Махатма. Вольные фантазии из жизни самого неизвестного человека — страница 18 из 40

Тропическая ночь стояла за окном на своих львиных лапах. К рассвету растворились, как сахар в чае, глухие голоса тьмы, им на смену пришли скрипучие вопли обезьян, пробуждающихся ни свет ни заря. Разбуженный Хавкин проснулся с тяжёлой головой: в темноте спальни, ночь напролёт, к нему раз за разом возвращалась переваливающаяся с боку на бок кромка моря, исколотая звёздами, послушная волне фелюка и маленькая Ася на гребне берега, словно вырезанная из чёрной бумаги. Потом фелюка, вздымаясь и опадая, пошла-пошла прочь от берега, и наплывающее видение исчезло. Хавкин поднялся с кровати. Рассвело.

Обратная дорога к палаточной площадке, через парк, показалась короче, чем вчерашняя, ночная. Утренний свет имел розовый оттенок, и ветерок запутался в ветвях, и местные цикады угомонились. В клубах зелени, в просвете над пустынной дорогой, армейские палатки были похожи на военный лагерь. Хавкин пришёл прежде всех. Никто не видел, как он, войдя в палатку, огляделся торжествующе и удобно уселся, положив локти на собранный накануне стол со стеклянной крышкой, девственно пустой.
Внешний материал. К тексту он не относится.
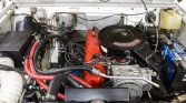 The 232ci inline-six features a red-finished block and valve cover and sends power to the rear or all four wheels through a three-speed manual transmission and a dual-range transfer case.
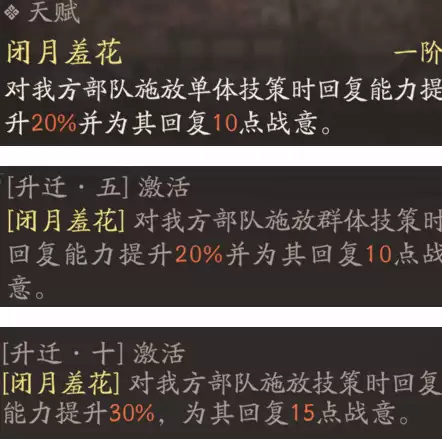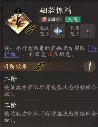 进行升迁搭配时首先要关注技能组合的选择。若天赋未达到特定要求,推荐使用"羽若惊鸿+舞影+扶危"的搭配思路。其中羽若惊鸿作为核心主动技能必不可少,扶危不仅能提供可观的治疗量,还能实现驱散效果,有效缓解生存压力。当天赋达到二阶以上追求压制效果时,可选择"羽若惊鸿+沉鱼落雁+援兵"的组合,沉鱼落雁带来的群体回血与战意回复效果显著,配合高阶天赋更能为全队附加增益状态。此外援兵技能可以弥补冷却期的输出真空,让战斗节奏更加流畅爽快。

В откинутой полости палатки виднелись аккуратно составленные, надёжно обшитые брезентом ящики с лабораторным оборудованием; привалившись спиной к одному из них, дремал, сидя на корточках, ночной сторож. К полудню распаковка ящиков закончится, к вечеру всё будет готово для начала работы – изготовления «лимфы Хавкина» для самых первых, насущных нужд: вакцинации солдат… Бригада рабочих и нанятые вчера лаборанты – трое и Анис – явятся через полчасика.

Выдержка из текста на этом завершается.